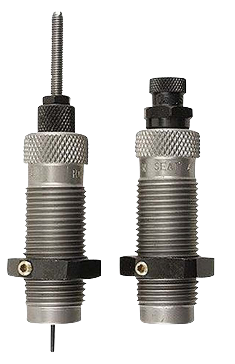 This two-die reloading set for .240 Weatherby Magnum bottleneck rifle cartridges consists of a Full-Length Sizer Die with Expander-Decapping Unit and a Seater Die with Bullet Seater Plug. The Full-Length Sizer Die brings cases to SAAMI minimum dimensions, sizes the case body, de-primes, and expands the neck to accept bullets, with vents to prevent case damage from trapped air or excessive lubricant. Headspace is held to minimum tolerances to avoid changing case body length.
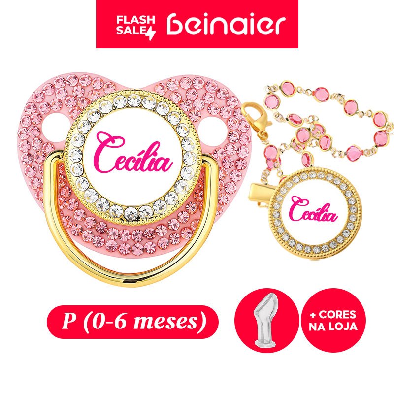 Comprar na ShopeeChupeta Bebê Personalizada Nome Strass | Tamanho 0-6 Meses
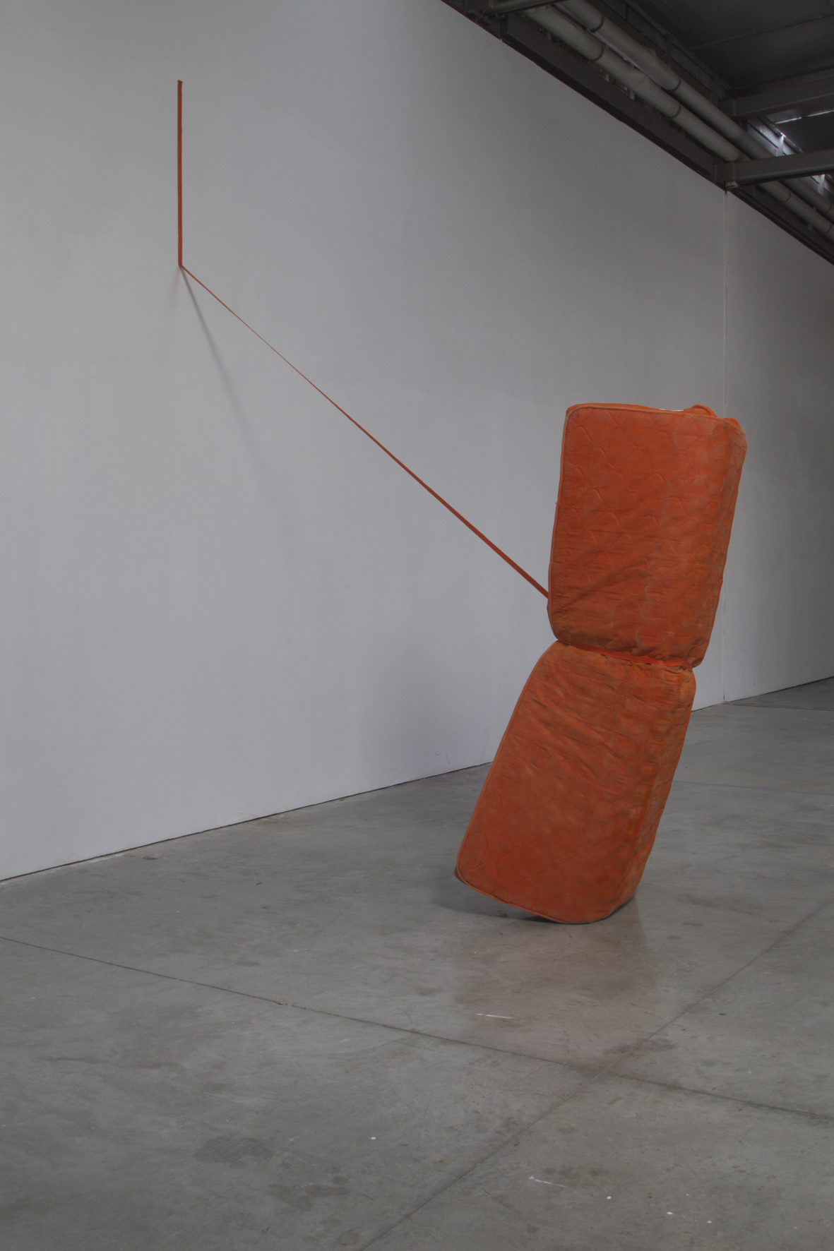 Monochrome dos au mur Monochrome dos au mur, 2014matelas, peinture acrylique, sangle, agrafes, 270 x 160 x 200 cm
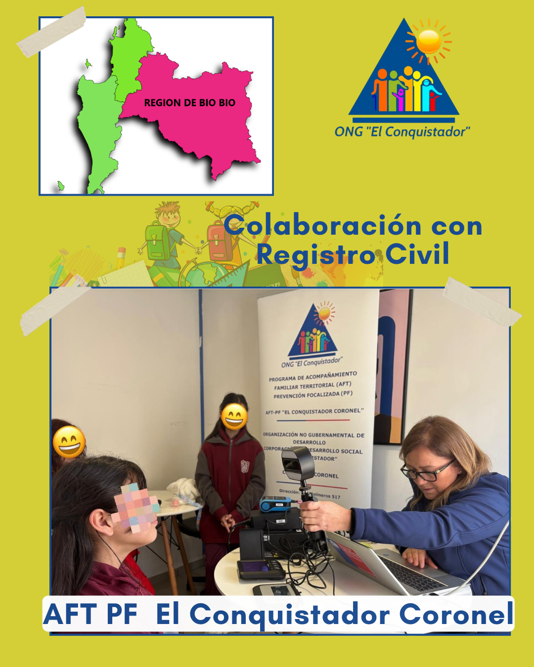 Con fecha 18 de agosto del presente año, se efectúa, en colaboración con Registro Civil, operativo para obtener cédula de identidad de los niños, niñas y adolescentes (NNA), de programa AFT-PF El Conquistador Coronel.

────────

▸ Exercise aim: In the copy you return, include exactly the lines from the one containing "Comprar na ShopeeChupeta" through the final line of the listing, and no pictures.

▸ Answer to this task:
 Comprar na ShopeeChupeta Bebê Personalizada Nome Strass | Tamanho 0-6 Meses
 Monochrome dos au mur Monochrome dos au mur, 2014matelas, peinture acrylique, sangle, agrafes, 270 x 160 x 200 cm
 Con fecha 18 de agosto del presente año, se efectúa, en colaboración con Registro Civil, operativo para obtener cédula de identidad de los niños, niñas y adolescentes (NNA), de programa AFT-PF El Conquistador Coronel.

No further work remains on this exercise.